Peanut Butter Energy Bites

I was looking for something to satisfy my sweet tooth but also had some healthy bits with it? Too good to be true ?!

Say hello to gluten free Peanut Butter Energy Balls! Easy to whip together! Plus your kids will enjoy!

Ingredients

1 cup peanut butter (we like Kraft)

1 cup semi sweet chocolate chips

1/4 cup maple syrup

2 cups gluten free oats (we like Bob’s Red Mill)

Mix ingredients together. Then refrigerate for 30 minutes.

The mixture will now easily form into little balls – bite size of your choice!

These are so great for snacks and when on the go!

You can also add shredded coconut and other things as you wish!

Enjoy!

Chicken Salad

Spring must be in the air. I’m over most meals and starting to think of summer and warmer weather.

I made Plain chicken wings last night and have a ton left over so decided for lunch to make a Chicken Salad Sandwich.

Enjoy this flavourful creamy dressing over chopped apples, diced onions and chicken.

I love the LooneySpoons recipes by Janet and Greta Podleski and this is where I learned how to make a delicious dressing for chicken salads.

Dressing

1/4 cup mayonnaise

1/4 cup sour cream

1 tbsp Dijon Mustard

1 tbsp white vinegar

1 tbsp orange juice

1/4 tsp salt

Fresh ground pepper to liking

Whisk all ingredient together and set aside.

Next Steps

Dice half an Apple.

Dice up chicken (enough for a sandwich or two!). Add to bowl.

Dice up 1/8 cup of onion. Add to bowl.

Mix in the amount of dressing you prefer for your chicken salad.

If you like it more on the dry side, add a few spoonfuls; more moist add a few more spoonfuls. Toss together well.

I served on a sour dough bread, with Swiss cheese. I can also happily just eat this mix right out of the bowl! It would also be lovely, on a bed of fresh greens. Cranberries or raisins could be a lovely addition too!

Enjoy!

Gluten Free Apple Pumpkin Soup

It’s winter and it’s cold. I’m feeling discouraged from canned, store bought soup. Yes, they are convenient but where is the flavour?

I’m craving a hearty and tasty, and also soothing soup. Pumpkin comes to my mind.

Ingredients

1 can Pure Pumpkin

3 tablespoons unsalted butter

1 small cooking onion, chopped finely

4 small apples (I had Royal Gala on hand)
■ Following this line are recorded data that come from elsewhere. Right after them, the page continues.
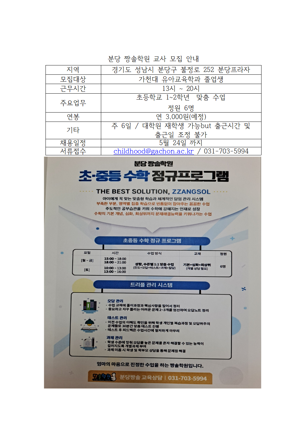 fnctId=bbs,fnctNo=1009 글번호 74701 분당 짱솔학원 교사 모집 안내 수정일 2022.05.11 작성자 이택민 조회수 713 등록일 2022.05.11 첨부파일 분당 짱솔학원 교사 공고.pdf 미리보기
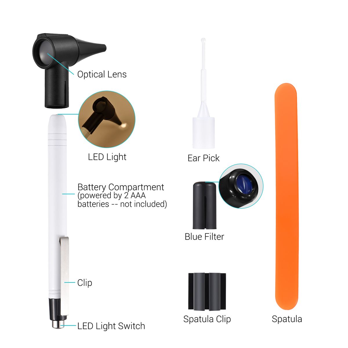 1 x Otoscope,1 x Ear Pick,1 x Blue Filter,1 x Spatula,1 x Spatula Clip,1 x Plastic Box
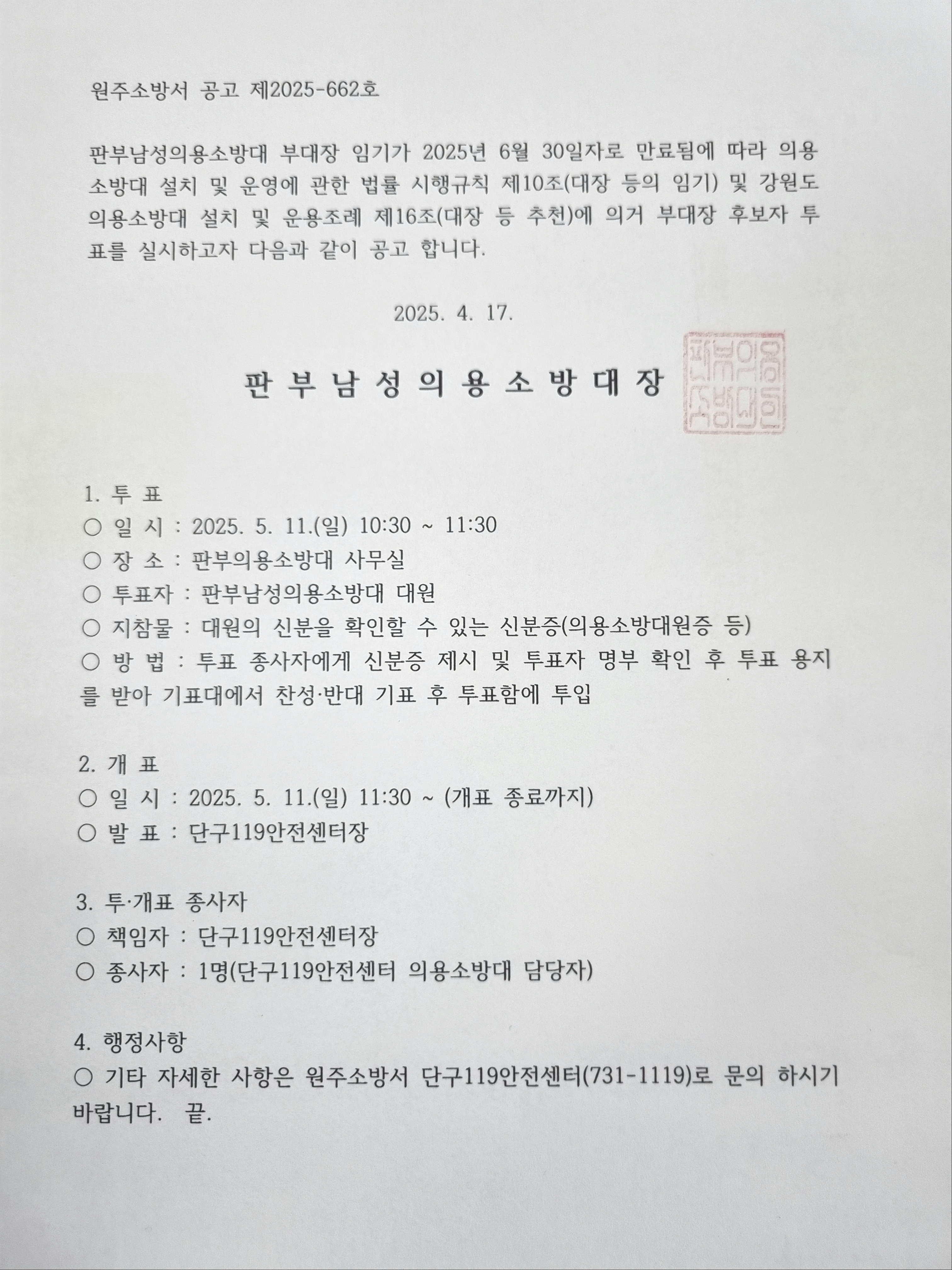 판부남성의용소방대 부대장 임기가 2025년 6월 30일자로 만료됨에 따라 의용소방대 설치 및 운영에 관한 법률 시행규칙 제10조(대장 등의 임기) 및 강원도의용소방대 설치 및 운용조례 제16조(대장 등 추천)에 의거 부대장 후보자 투표를 실시하고자 다음과 같이 공고 합니다.
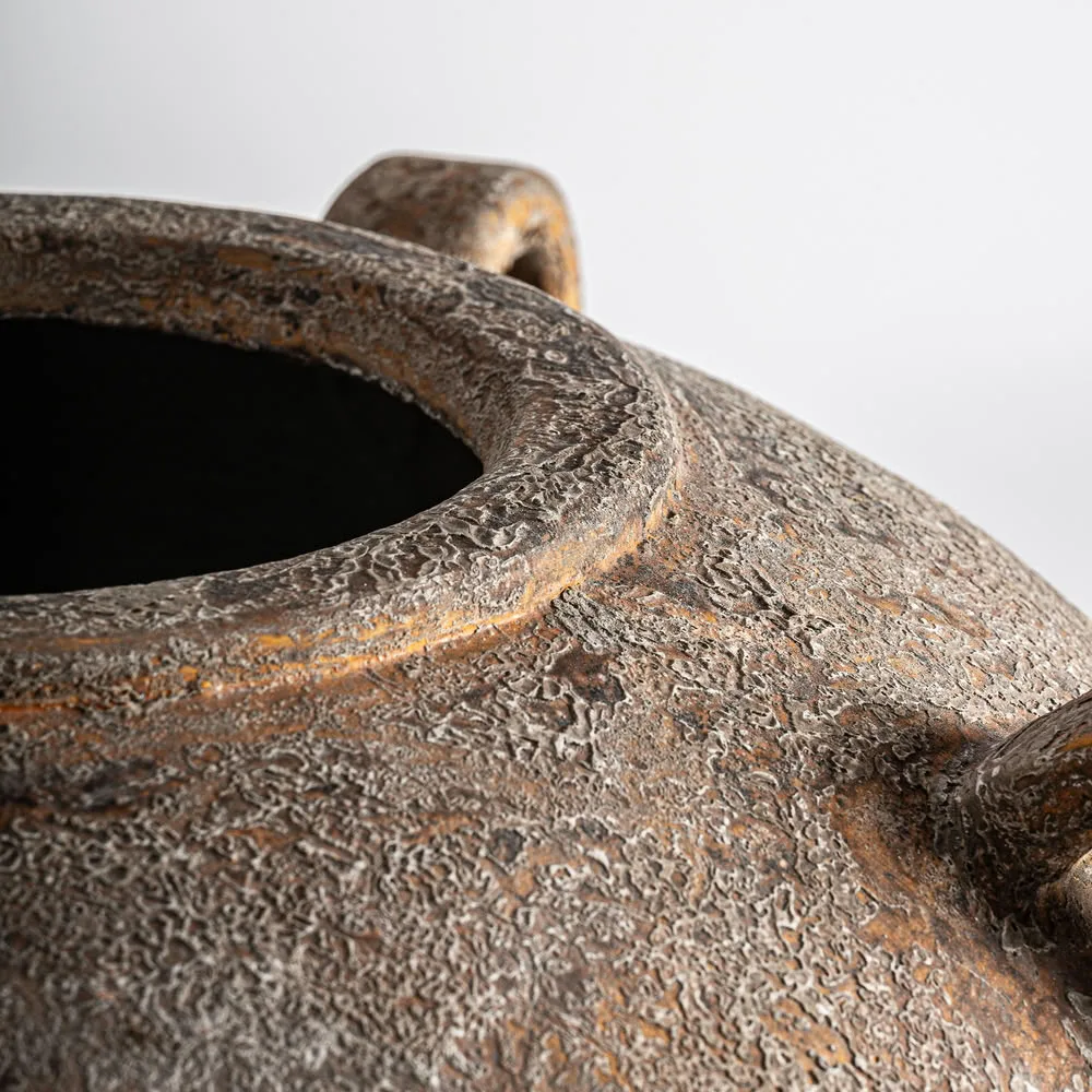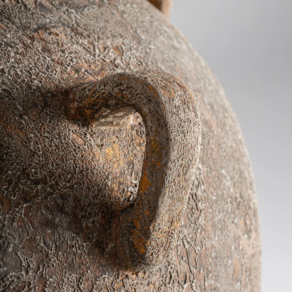 Ánfora Kalede de estilo clásico fabricado en hormigón armado en color tonos en marrón con acabado envejecido.

1/2 teaspoon Epicure Caesar dressing mix

1/2 teaspoon cinnamon

1/2 teaspoon salt

1/8 teaspoon cayenne pepper (you can add more if you want spicer)

Freshly Ground pepper (to taste)

1 tablespoon packed brown sugar

4 1/2 tablespoons Epicure Vegetable Broth mix plus 3 cups water

1 cup Apple Cider

3 tablespoons Epicure Coconut Curry Seasoning Mix

1/2 cup whipping cream

Directions

In a large pot, melt butter and sauté onions over medium heat.

Add the diced Apple, spices, brown sugar, salt and pepper. Cook for 5 minutes.

Add in the pumpkin, vegetable broth and apple cider. Mix well. Bring to a boil then let cook for 20minutes on lower heat. Stir regularity.

Then add whipping cream. Stir well. Keep on low heat for another 10 minutes then serve!

Enjoy!

* if you want a more smooth soup you can always use a blender after it is all cooked. It’s not overly chunky if you choose not to blender the soup and I like the chunks of apple and onion throughout *

Ice Cream Cake ~ Gluten Free

We miss Dairy Queen Ice Cream Cakes. So for my husband’s birthday I attempted to make the best copy cat cake.

I started out by reviewing many recipes online. Then meshed then all together.

You will need:

Chocolate ice cream – one large package

Vanilla ice cream – one large package

Epicure Chocolate fudge mix

Kinnikinnick chocolate sandwich creme cookies (crumbled)

Icing For decorating

I used a 9 inch cake pan and lined it with cellophane (to make removal of slices easier later).

I then packed the carton of chocolate ice cream to the bottom of the pan.

Spreading the fudge

I whipped up the Epicure Chocolate Fudge and let it cool before I spread it over the chocolate ice cream. I then let the cake set another 30 minutes before putting the cookie crumble layer on.

Setting the cookie crumble

I couldn’t find gluten free cookie crumble, so I bought a package of Kinnikinnick chocolate creme filled cookies. I then crushed them to make the crumble.

Then put the cake back in freezer for 30 minutes to set.

Add the vanilla layer of ice cream next.

Put back in freezer to set while making icing.

Decorated

Enjoy!

We really liked it! Hope you do too!